Another circumstance which would disqualify petitioner to become a Filipino citizen is his failure to comply with the requirement of the law that an applicant for naturalization must be vouched for by two "credible persons" who must be of good standing in the community, trustworthy, and reliable so that their words may be taken on their face value. In the instant case, the evidence shows that Francisco Arias, one of petitioner's witnesses, was employed by petitioner as his bookkeeper, hence, he could not have testified with such independence of mind as is required of character witnesses, and his declarations regarding the qualifications of petitioner cannot but lead to the conclusion that they are biased, unreliable and untrustworthy. He is not, therefore, qualified to act as insurer of the character of petitioner.

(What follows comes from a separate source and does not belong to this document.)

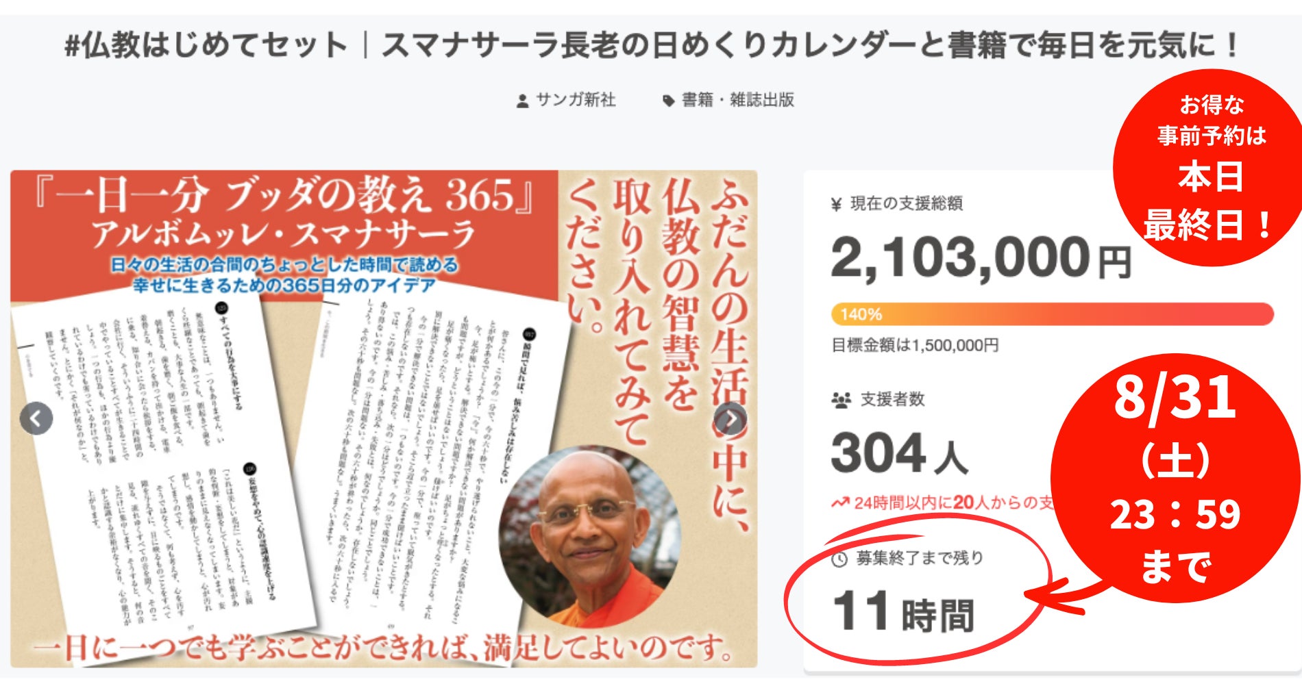サンガ新社のクラウドファンディングをご支援くださった皆様へいつもサンガ新社の活動を支えていただき、ありがとうございます!今回は新しいクラウドファンディングのお知らせをさせていただきます。★アルボムッレ・スマナサーラ長老80歳(傘寿)を記念して2冊の書籍を刊行します!!⇒ https://camp-fire.jp/projects/819266/view 開始8時間で目標金額の20%を突破しました!クラウドファンディング「アルボムッレ・スマナサーラ長老80歳(傘寿)を記念して2冊の書籍を刊行します!」を、12月28日(土)午前7時にスタートしました!アルボムッレ・スマナサーラ長老が満80歳を迎えられることを記念し、語り下ろしによる初の自伝と、写真や資料で活動を振り返る豪華写真資料集を刊行します。開始直後から続々とお申し込みをいただいており、開始8時間で早くも目標金額の20%となる「支援金額40万円」を突破することができました!皆さんの力強い応援を、本当にありがとうございます!80歳(傘寿)を記念した大プロジェクト今回のクラウドファンディングは、皆様のご協力をいただきながら、サンガ新社が満を持して実施する大プロジェクトです。私たちは、前身である株式会社サンガの時代から、スマナサーラ長老の著作を数多く世に送り出してきました。その志を継ぐサンガ新社は、長老の教えと活動を記録し、後世に残す大切な役割を担っていると考えています。スマナサーラ長老の活動への大きな敬意を込めて、長老の半生とブッダの教えのエッセンスが詰まった「自伝」と、長老の活動の歴史と存在感を正しく後世に残すための「豪華写真資料集」を刊行する「傘寿記念プロジェクト」を立ち上げました。この重要なプロジェクトの実現のためには、皆様からのご支援が必要です。スマナサーラ長老の80歳を共にお祝いしながら、皆さんの力でこのプロジェクトの実現に導いてください。「スマナサーラ長老傘寿記念プロジェクト」をたくさんの方に知っていただきたい今回のクラウドファンディングでは、「自伝」(定価1,980円)と「豪華写真資料集」(定価5,500円)に、特製ポストカードを加えたセットを「クラウドファンディング特別価格6,800円」でご予約いただけるお得なプロジェクトとなっています。リターンには、スマナサーラ長老のオンラインセミナーがセットになったプランもあり、こちらもおすすめです。このクラウドファンディングは本日スタートしたばかりです。プロジェクトをまだ知らない方が多くいらっしゃいますので、ぜひ多くの方に広めていただけると幸いです。皆様からの応援を、どうぞよろしくお願いいたします。★アルボムッレ・スマナサーラ長老80歳(傘寿)を記念して2冊の書籍を刊行します!!⇒ https://camp-fire.jp/projects/819266/view

Moreover, We find that the character witnesses of petitioner did not measure to the requirements provided for by law, to be considered as "credible persons." In the case of Ong vs. Republic, L-10642, May 30, 1958, this Court stated that a credible person, for purposes of naturalization cases, is one as having a good standing in the community; known to be honest and upright; reputedly trustworthy, and reliable so that his words may be taken on its face value to serve as warranty of the worthiness of the petitioner. This must be so, because said witnesses are in a way, the insurers of the character of applicant Cu vs. Republic, L-3018, July 18, 1951). ... Witness Tanchoco declared that he came to know the petitioner because said witness was the accountant of the La Campana Factory, the General Fabrikoid Manufacturing Company and the Atlantic Development Company, all of which were managed by the petitioner. ... He could not, therefore, be an insurer of petitioner's worthiness. Witness Tanchoco being an employee of petitioner, his partiality is not far-fetched. (Saw Chen v. Republic, L-20310, April 30, 1965).

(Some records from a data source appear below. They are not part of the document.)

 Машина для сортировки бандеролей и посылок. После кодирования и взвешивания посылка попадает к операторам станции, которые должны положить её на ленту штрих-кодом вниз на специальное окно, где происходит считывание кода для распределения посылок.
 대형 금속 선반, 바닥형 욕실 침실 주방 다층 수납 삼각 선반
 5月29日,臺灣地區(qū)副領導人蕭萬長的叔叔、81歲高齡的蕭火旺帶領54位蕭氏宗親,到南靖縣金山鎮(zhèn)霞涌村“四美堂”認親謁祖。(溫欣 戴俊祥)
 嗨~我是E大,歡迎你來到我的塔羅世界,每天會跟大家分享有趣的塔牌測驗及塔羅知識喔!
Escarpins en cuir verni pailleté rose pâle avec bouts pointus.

We also note that the other character witness, Cesar Las Piñas, while declaring that he had known the petitioner since 1940 in Cebu City, admitted that he is a certified public accountant and that petitioner is his retainer client. Considering that the question of witness' qualification in a naturalization proceeding is a matter of more than usual importance, since they are in a way insurers of the character of the candidate concerned, we are not prepared to say that this witness possesses the qualifications necessary to satisfy the requirements of the law. (Chan Chen v. Republic, L-13370, October 31, 1960).8

Wherefore, the decision appealed from is reversed, and the petition for naturalization is hereby denied, with costs against petitioner-appellee. It is so ordered.

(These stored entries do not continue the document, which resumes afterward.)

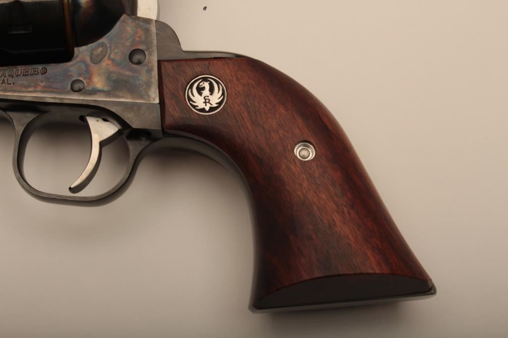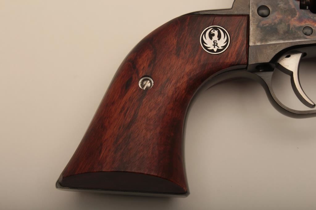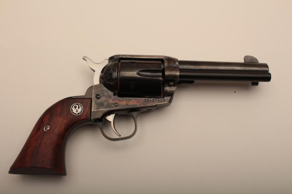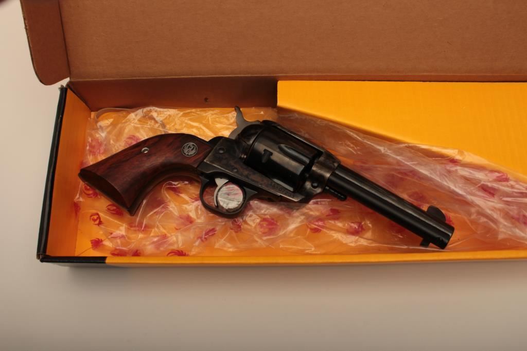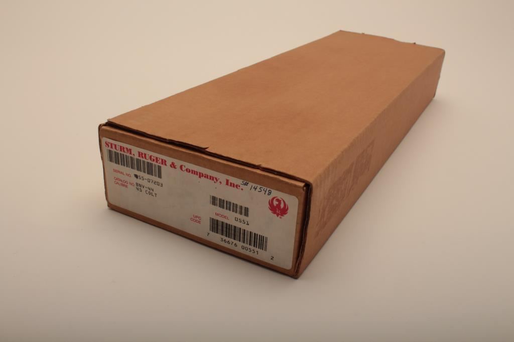 Ruger Vaquero, #55-07203, .45 Colt cal., 4 5/8" barrel, blued with color case hardened frame, fixed sights, smooth medallion grips. Revolver is in fine condition overall, retaining approximately 80%+ case colors, and 95%+ original blue. The bore is mint, the action is excellent, the grips are excellent. Includes original box and outer sleeve. (Modern / PPT) Est, $300-600
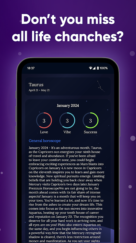 该应用程序既适合占星学初学者,也适合那些长期对星星预测着迷的人。安装星座应用程序,让星星引导您每天走向成功、爱情与和谐!
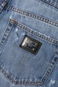 Blue Logo Plaque Denim Cotton Hot Pants Shorts
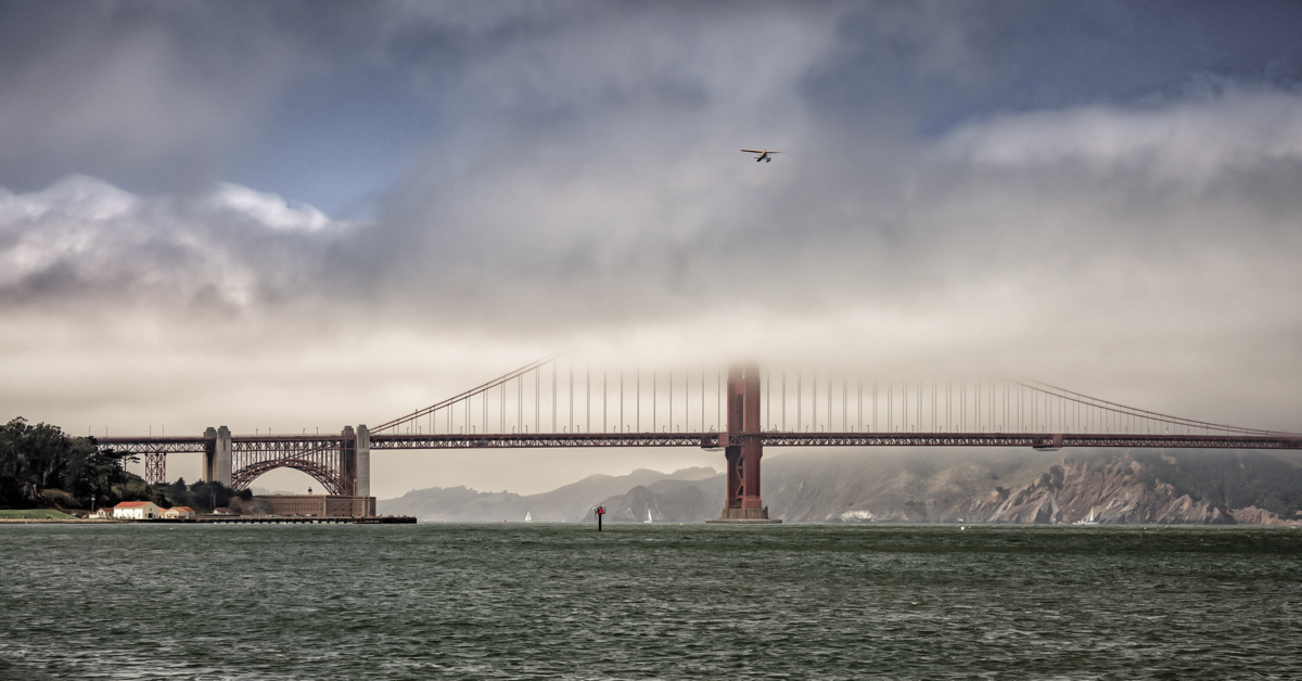 You have nailed the composition Charles but I feel you have over saturated. The plane coming out of the fog creates interest and tells a story. You have captured the Golden Gate in the mist which I imagine is rare. I have taken some blue out of the sky as the sky on the right is bleeding into the clouds. I desaturated overall and darkened the mist slightly. I also applied a slight vignette. I reddened up the pylon. Not a criticism and hope it makes sense. Maybe I have made your image a little too flat and would be better as a monochrome. Cheers Glenn |
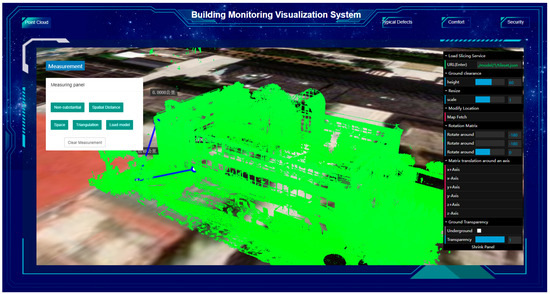 The system supports effective management and organization of point cloud data. Through frontend and backend technologies, the stored point cloud data are called from the spatial database and displayed in 3D with the help of efficient visualization; the system supports the color mapping function of the point cloud, which displays the point cloud with different attributes or features in different colors to help users understand the point cloud data more intuitively. Meanwhile, the system provides various operation functions to enable users to flexibly process and analyze the point cloud data, such as rotating, scaling, and moving the point cloud to observe the 3D structure and details of the building. In addition, the system supports measurements and annotations on the laser point cloud. Users can select specific points, lines, or surfaces in the point cloud for measurement to obtain accurate measurement results such as distance, angle, or surface area, which promotes the application and development of the laser point cloud technology in BIM; users can also annotate the point cloud to record important information or problems of the building for subsequent reference and processing. The point cloud data management function is shown in Figure 15.

Concepcion, C.J., Reyes, J.B.L., Barrera, Dizon, Makalintal, Bengzon, J.P., Sanchez and Castro, JJ., concur.

Footnotes

1In the case of Tee v. Republic, L-18009, December 27, 1963, the net incomes of petitioner therein appearing in his income tax returns were made the basis of determining whether or not he had a lucrative trade or profession.

2Keng Giok v. Republic, L-13347, August 21, 1961; Koa Gui v. Republic, L-13717, July 31, 1962; The v. Republic, L-16813, December 27, 1963; Uy Ching v. Republic, L-19582, March 26, 1965; Bok v. Republic, L-19111, June 22, 1965.

3Petitioner has a wife and two children so, at most, his total exemption is P5,000.00.

4Seng v. Republic, L-19575, February 26, 1965; Deetuanka v. Republic, L-12981, January 29, 1960; Tan v. Republic, L-16013, March 20, 1963; Su v. Republic, L-15543, September 29, 1961; Yu Seco v. Republic, L-13441, June 30, 1960.

5See also Sancho v. Republic, L-13429, April 30, 1960.

6"Petitions for naturalization involve the public interest; hence, on appeal, the entire record is open to scrutiny, whether objection is made or not." (Kwan Kwock How v. Republic, L-18521, January 30, 1964). "We can, therefore, inquire in this appeal whether or not applicant is not disqualified for naturalization." (Guan v. Republic, L-15691, March 27, 1961; See also Albano v. Republic, L-10912, October 31, 1958; Liong v. Republic, L-21671, February 28, 1966; Co Im Ty v. Republic L-17919, July 30, 1966.

7See also Sang v. Republic, L-19914, June 23, 1965.

8See also Leoncio Ngo v. Republic, L-18319, May 31, 1963; citing Calvin K. Lo v. Republic, L-15919, may 19, 1961; Chuan v. Republic, L-18550, February 28, 1964; Paul Teh v. Republic, L-19830, September 30, 1964.